Assignment — From the listing below, copy only the lines from the line that contains "- 2 Pack: Infant" to the line that contains "EvergreenEvergreen 212 Styrene", counting those two lines as part of the copy.

Material to process —
····················
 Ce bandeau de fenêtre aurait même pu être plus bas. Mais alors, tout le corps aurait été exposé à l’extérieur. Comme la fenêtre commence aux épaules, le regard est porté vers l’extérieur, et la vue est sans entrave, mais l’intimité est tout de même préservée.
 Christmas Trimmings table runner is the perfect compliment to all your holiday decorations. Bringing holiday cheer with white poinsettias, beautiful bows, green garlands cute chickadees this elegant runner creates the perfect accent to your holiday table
····················
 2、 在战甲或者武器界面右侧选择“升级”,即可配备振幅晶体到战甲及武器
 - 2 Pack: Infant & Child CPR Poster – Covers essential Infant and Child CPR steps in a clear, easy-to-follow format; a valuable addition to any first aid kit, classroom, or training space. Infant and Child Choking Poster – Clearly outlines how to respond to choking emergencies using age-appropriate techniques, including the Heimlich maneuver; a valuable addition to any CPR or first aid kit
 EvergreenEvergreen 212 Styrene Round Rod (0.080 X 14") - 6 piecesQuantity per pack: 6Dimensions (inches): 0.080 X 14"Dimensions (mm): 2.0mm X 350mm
····················
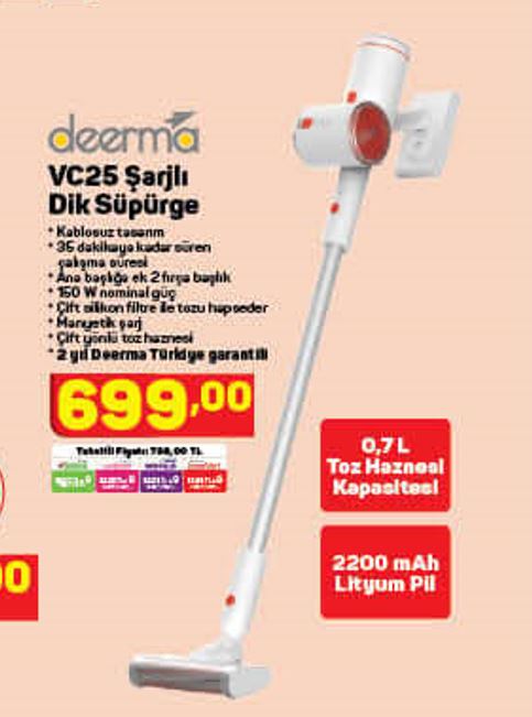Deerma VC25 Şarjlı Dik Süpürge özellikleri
····················
Task solution —
 - 2 Pack: Infant & Child CPR Poster – Covers essential Infant and Child CPR steps in a clear, easy-to-follow format; a valuable addition to any first aid kit, classroom, or training space. Infant and Child Choking Poster – Clearly outlines how to respond to choking emergencies using age-appropriate techniques, including the Heimlich maneuver; a valuable addition to any CPR or first aid kit
 EvergreenEvergreen 212 Styrene Round Rod (0.080 X 14") - 6 piecesQuantity per pack: 6Dimensions (inches): 0.080 X 14"Dimensions (mm): 2.0mm X 350mm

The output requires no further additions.